Here are some of the characteristics that may help you to recognize an OLAP traversal and choose an appropriate execution engine.

 

Any traversal that take longer to execute, involves broader-scope data analysis, requires expensive graph scans, deals with large subgraphs, traverses longer paths with many branches should be strongly considered for execution by the OLAP engine instead of the OLTP engine.

It very straightforward to switch between OLTP and OLAP engines by simply switching between OLTP and OLAP traversal sources to start your traversal.

 

In DataStax Studio, you can use the execution drop-down menu available for each Gremlin cell. You have two options: Execute using real-time engine and Execute using analytic engine.

 

In Gremlin Console, you can use the remote command to configure an alias g that refers to either KillrVideo.g or KillrVideo.a, which are OLTP and OLAP traversals sources, respectively, for the KillrVideo graph.

 

The Gremlin traversal itself does not have to change, which is the great news!
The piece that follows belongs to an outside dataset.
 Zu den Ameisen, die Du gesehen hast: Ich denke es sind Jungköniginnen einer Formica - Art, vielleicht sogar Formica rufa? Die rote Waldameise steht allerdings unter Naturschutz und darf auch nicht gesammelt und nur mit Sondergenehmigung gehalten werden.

Gremlin OLAP traversals are translated into Spark jobs that are executed on DSE Analytics nodes. Therefore, you can monitor their execution using DSE Analytics tools, such as Spark Web UI. You simply need to point your Web browser to a node in your cluster by supplying its public IP address and port 7080.  

 

Among running applications, you should be able to see “Apache TinkerPop’s Spark-Gremlin” that executes Gremlin OLAP traversals. You can always click on the application ID to drill down to specific Spark jobs and execution stages to see more details.

Let’s look at a couple of examples.

 

Since you already know Gremlin, they should look familiar. The only difference could be that we use an OLAP traversal source to execute them.

 

Here we find vertex distribution by label and we have 920 movies, 8759 persons, 18 genres, 1100 users in our KillrVideo graph.

 

The screenshot of Spark Application Web UI shows the completed Spark job that corresponds to this Gremlin traversal.

 

It may not be obvious to you, but this particular traversal was routed to the DSE GraphFrames engine. I can tell based on the DseGraphTraversal.scala file in the description. Indeed this traversal is a simple scan query and meets all the requirements for the OLAP query routing optimization we discussed earlier.
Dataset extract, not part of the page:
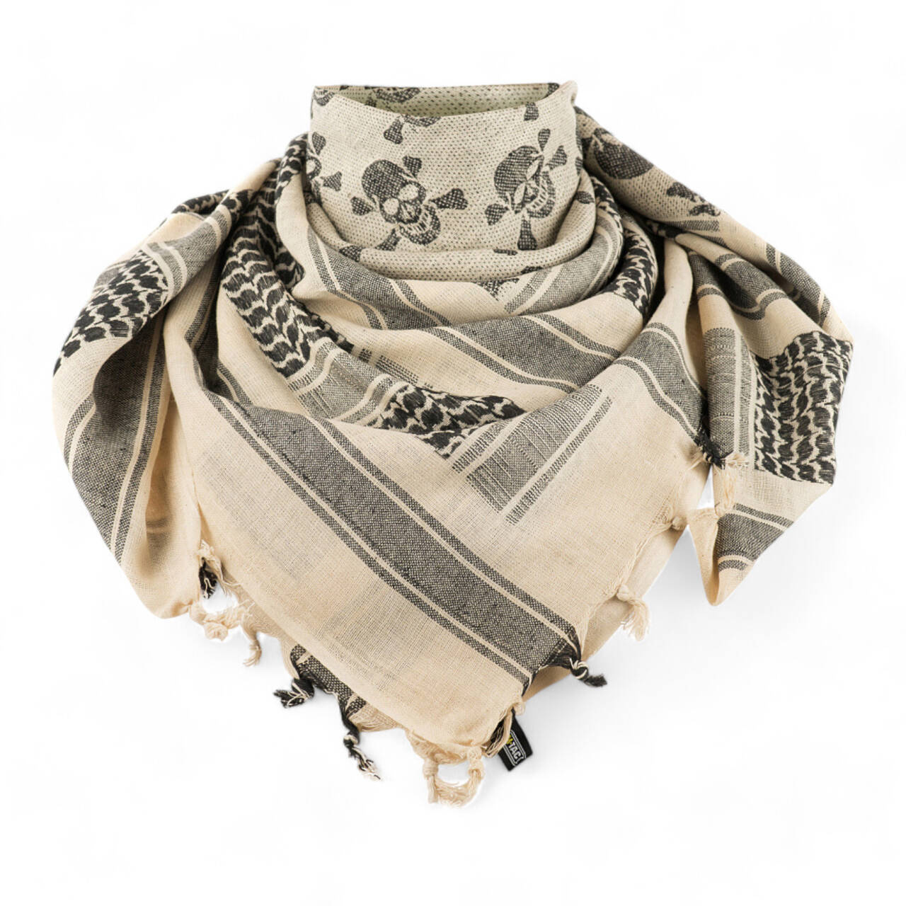 A shemagh scarf (better known in CIS countries as an 'arafatka') is designed to protect the head and neck from the effects of sand, sun, and wind in cold weather. Many armies around the world use this scarf.

This traversal starts with a random user, traveses knows edges in any direction six times and count users that we are able to reach. We get 1077 users out of 1100 total users in the graph which suggest that almost any two users are connected by a path with at most six edges. Our user social network has six degrees of separation.

 

The screenshot (part of Spark Application Web UI) shows some of the completed Spark jobs that correspond to this single Gremlin traversal. This time, the SparkGraphComputer engine is used for execution.
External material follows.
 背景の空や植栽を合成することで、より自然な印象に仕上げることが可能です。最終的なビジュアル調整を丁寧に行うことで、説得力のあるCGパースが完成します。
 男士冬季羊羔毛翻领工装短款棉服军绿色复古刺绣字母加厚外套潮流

Besides the Intelligent Analytics Query Routing optimization that is applied automatically, Snapshots is another optimization that you have to introduce yourself.

 

Snapshots can be used to optimize performance. If you need to execute many OLAP traversals over the same subgraph, you can create a snapshot, which is essentially a copy of that subgraph, in Spark to query it faster. A snapshot is a persisted dataset in Spark.

Then, you can create an OLAP traversal source to query the snapshot and execute multiple OLAP traversals using that traversal source.

--

The Snapshot API includes …

 

The snapshot() method … to start a snapshot definition.

 

The vertices() and edges() methods … to specify which vertices and edges to add to the snapshot based on their labels.

 

The conf() method … to specify configuration properties for the snapshot. The configuration properties are defined in the Apache TinkerPop™ documentation for SparkGraphComputer.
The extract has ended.